Accepted paper:

Mining and the transformation of rural communities in North Western Province, Zambia: the case of Manyama

Authors:

Wilma Nchito (University of Zambia)
David Namutoka (Ministry of Local Goverment)

Paper short abstract:

The North Western Province in Zambia has been called the new Copperbelt due to the increase in mining activities. These activities are bringing about changes in villages. This paper presents an analysis of the transformations that have taken place in Manyama a village in the shadow of Lumwana mine.

Paper long abstract:

The recent mining activities in the North Western province were a welcome relief for the Zambian economy which had seen a drastic downturn in mining investment and output since the 1990s. The recent exploitation of ore bodies in the North Western Province brought about a heightened level of activity in the predominantly rural region. Settlements like Manyama which are close to the mines have experienced rapid changes as migrants expectant of finding employment in the mines flood the villages. The paper presents results from a study carried out in Manyama which considered the transformations which had taken place in the settlement due to the mines.
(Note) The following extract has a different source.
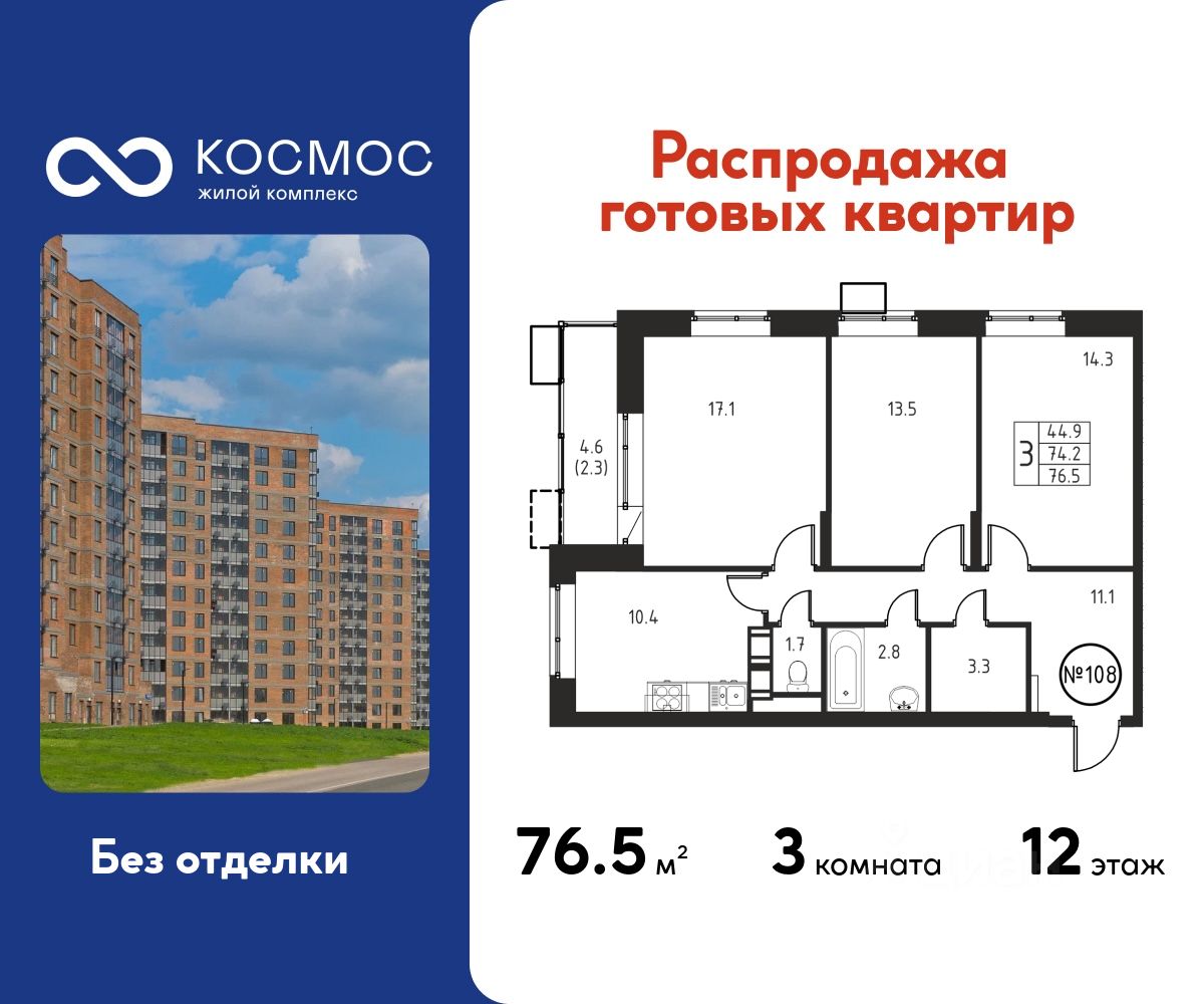 Продаётся 3-комнатная квартира в сданном доме (Корпус 5), срок сдачи: 2-кв. 2025, общей площадью 76.50 кв.м., на 12 этаже.

Manyama is a conglomeration of 15 villages which are experiencing encroachment by urban structures and activities do to their proximity to Lumwana mine. Using a questionnaire, the study interviewed 75 migrants to ascertain why they had moved to Manyama. It also included interviews with village headmen to verify the transformations. The study found that migrants had stimulated both social and morphological transformations in Manyama village which had become more urban in form and function. Despite becoming more urban in form the settlement remains under traditional land tenure which causes complications for the local authority in terms of development planning. The paper argues that the mines should contribute to the planning and development of such settlements which are a source of labour which is critical to the production. The paper also asserts that mining activities have produce 'rural slums' which will cause social problems in future.